Karbon tetraklörür enjeksiyonundan önce farelerin profilaktik olarak timokinonla muamele edilmesi, karbon tetraklörürün hepatoksisitesini yükselmiş serum enzim düzeylerini düşürmek ve hepatik glutatyon içeriğini belirgin düzeyde arttırmak yoluyla iyileştirmektedir. Farelerin başka uçucu yağlarla muamelesi söz konusu enzim ve glutatyon düzeylerinde değişiklik meydana getirmemiştir. Timokinonun farelerde doksorubisin ile indüklenmiş nefrotoksisite, kardiyotoksisite ve oksidatif stres üzerine etkisi gösterilmiştir. Buna göre timokinon nefrotik hiperlipidemi ve hiperproteinüri oluşumunu önler ve oksidatif stresin biyomarkerlerinin değerleri normale döner.

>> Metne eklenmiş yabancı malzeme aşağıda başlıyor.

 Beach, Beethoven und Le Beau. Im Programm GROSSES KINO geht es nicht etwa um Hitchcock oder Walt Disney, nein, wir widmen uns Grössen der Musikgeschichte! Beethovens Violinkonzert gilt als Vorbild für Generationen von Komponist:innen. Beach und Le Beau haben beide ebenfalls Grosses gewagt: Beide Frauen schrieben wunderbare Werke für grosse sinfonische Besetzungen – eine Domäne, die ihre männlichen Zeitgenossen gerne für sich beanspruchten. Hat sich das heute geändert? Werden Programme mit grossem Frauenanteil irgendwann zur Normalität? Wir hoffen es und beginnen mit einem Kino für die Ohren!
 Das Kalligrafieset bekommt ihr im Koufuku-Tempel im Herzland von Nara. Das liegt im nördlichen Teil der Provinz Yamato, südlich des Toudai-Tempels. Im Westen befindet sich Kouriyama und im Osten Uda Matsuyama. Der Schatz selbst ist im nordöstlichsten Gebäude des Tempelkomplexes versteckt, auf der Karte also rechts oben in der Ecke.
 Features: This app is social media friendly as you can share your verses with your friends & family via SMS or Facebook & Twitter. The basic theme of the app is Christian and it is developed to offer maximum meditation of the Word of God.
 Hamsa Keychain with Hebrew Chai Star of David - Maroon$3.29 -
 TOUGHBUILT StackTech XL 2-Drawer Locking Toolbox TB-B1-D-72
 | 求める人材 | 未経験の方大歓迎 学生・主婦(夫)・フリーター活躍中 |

2009 yılında Girard-Lalancette ve arkadaşları tarafından reaktif oksijen türlerinin kullanışlı bir indikatörü olan DCFH-DA’yı kullanan hücre bazlı bir test geliştirilmiştir. Söz konusu test anti oksidan özelliklerinde tespitinde oldukça hassastır. Bourgou ve arkadaşları (2010) Tunus’taki çörek otu tohumlarının yağı üzerinde yaptıkları çalışmada çörek otu yağı ve etken maddesi timokinonun anti-oksidan özelliklerini söz konusu test ile ölçmüş ve çörek otu esansiyel yağının ROS üretimini belirgin biçimde inhibe (engellediğini) ettiğini tespit etmişlerdir.

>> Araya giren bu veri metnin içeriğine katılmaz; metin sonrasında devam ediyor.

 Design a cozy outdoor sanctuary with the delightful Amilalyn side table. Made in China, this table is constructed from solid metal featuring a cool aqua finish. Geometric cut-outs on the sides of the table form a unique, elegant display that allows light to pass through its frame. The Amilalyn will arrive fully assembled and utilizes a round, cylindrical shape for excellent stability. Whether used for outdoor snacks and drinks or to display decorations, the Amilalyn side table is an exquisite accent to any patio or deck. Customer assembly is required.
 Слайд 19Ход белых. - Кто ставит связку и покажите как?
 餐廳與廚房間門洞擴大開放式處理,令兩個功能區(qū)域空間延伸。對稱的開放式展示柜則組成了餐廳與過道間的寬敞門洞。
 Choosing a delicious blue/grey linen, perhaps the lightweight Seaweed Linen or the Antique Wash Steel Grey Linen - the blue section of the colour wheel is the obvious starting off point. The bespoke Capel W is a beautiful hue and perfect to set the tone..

Reaktif oksijen türlerinin (ROS), yaşlanmada ve yaşlanmaya bağlı hastalıkların çoğunda önemli bir etken olduğu düşünülmektedir. ROS inhibisyonu hücreleri oksidatif stresten korumaktadır. Çörek otu yağının temel etken bileşeni olan timokinonun diğer bileşenlerin aksine ex vivo ortamda yüksek antioksidan aktivite gösterdiği aynı çalışmada gösterilmiştir. IC50 bir biyokimyasal prosesi yarı yarıya inhibe eden madde miktarını belirtmek için kullanılan değerdir. Kuersetin bilinen bir antioksidandır ve bu çalışmada pozitif kontrol olarak kullanılmıştır

Çörek otu tohumları geleneksel tıpta yukarıda anlatılan anti-oksidan özelliklerine bağlı olarak kullanılagelmiştir. Çörek otu yağının ve aktif bileşenlerinin, rastlantısal olarak çevresel veya enfeksiyona bağlı faktörlerce veya anti-kanser ilaçlarca tetiklenen oksidatif stresin aracılık ettiği toksisiteyi azalttığı görülmektedir. Örneğin, kemoterapi, siklofosfamid ve diğer anti-kanser ilaçlar, anti- kanser terapi olarak veya kanser immünterapi ile kombinasyon halinde preklinik ve klinik çalışmalarda kullanılmaktadırlar. Kemoterapi, olgunlaşmamış granülositlerin oldukça genişlemesine ve büyük miktarda NO (nitrik oksit) ortaya çıkmasına sebep olur. Timokinonun kemoterapinin tetiklediği nitrik okside karşı oluşan immün cevabı baskılayıcı etkileri vardır. Buna göre kemoterapiyi takiben timokinon uygulanması uygun olacaktır.